Compensation and Audit Committees

      During fiscal 2002, the Board of Directors maintained two committees, the Compensation Committee and the Audit Committee. The Board of Directors does not have a standing Nominating Committee. The Compensation Committee consisted of Messrs. Gilbert, Foster, Price, Wagner and Zippwald, each of whom served thereon without additional compensation. Each of these individuals were non-employee directors. The Compensation Committee is responsible for establishing and administering the Company’s compensation arrangements for all executive officers. The Compensation Committee held two formal meetings during fiscal 2002, each of which was attended by all committee members.

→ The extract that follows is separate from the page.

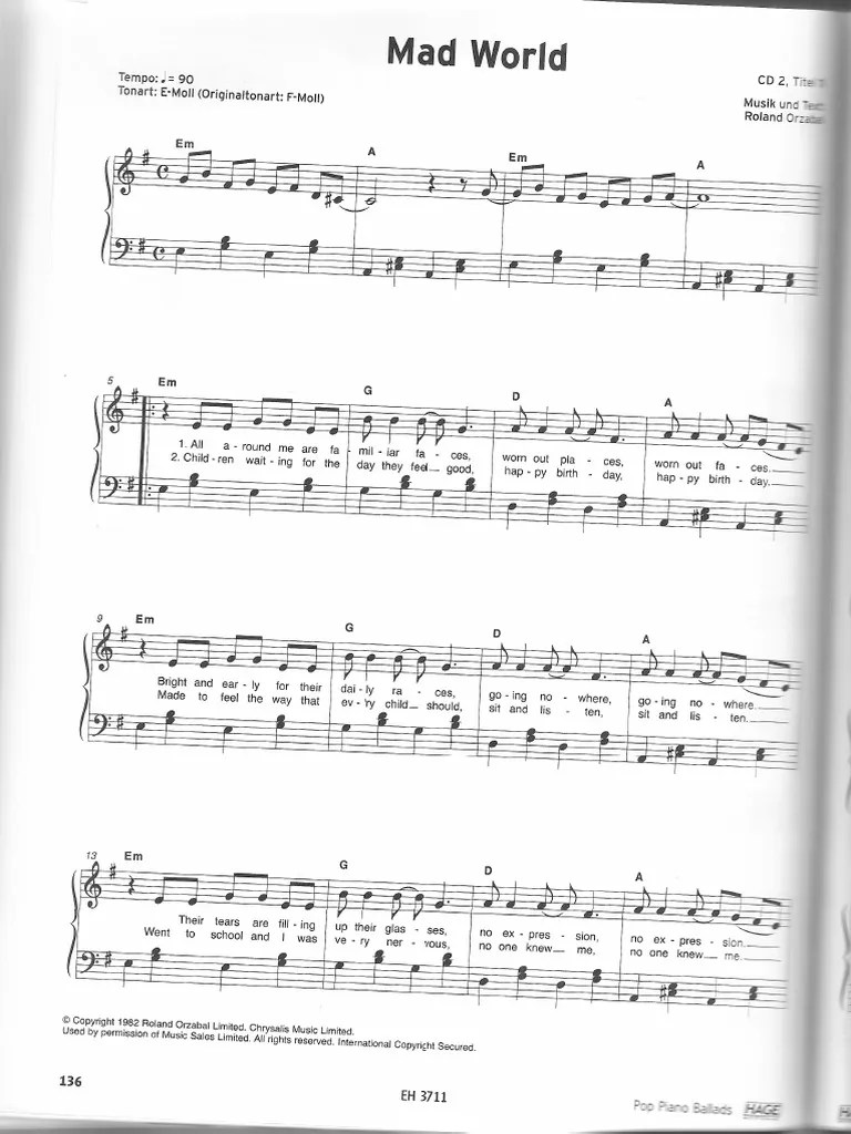 Web download & print mad world [classical version] for piano solo by michael andrews & gary jules. Web browse our 75 arrangements of mad world. sheet music is available for piano, voice, guitar and 31 others with 20 scorings and.

      The Audit Committee consisted of Messrs. Gilbert, Foster, Price, Wagner and Zippwald, each of whom receive, beginning October 14, 2002, $500 for each meeting attended. All members of the Audit Committee meet the independence standards of the rules promulgated by the Securities and Exchange Commission and the standards of the NASDAQ. The Audit Committee meets periodically with the Company’s independent public accountants and reviews the Company’s accounting policies and internal controls. It also reviews the scope and adequacy of the independent accountants’ examination of the Company’s annual financial statements. In addition, the Audit Committee recommends the firm of independent public accountants to be retained by the Company and approves all material non-audit services provided by them. The Audit Committee held two formal meetings during fiscal 2002, each of which was attended by all committee members. In addition, the Audit Committee holds a pre-earnings release conference with the Company’s independent public accountants on a quarterly basis. The Audit Committee adopted a written Audit Committee Charter on May 8, 2000. The full text of the Audit Committee Charter was set forth as Exhibit A to the Company’s proxy statement for the 2001 annual meeting of shareholders.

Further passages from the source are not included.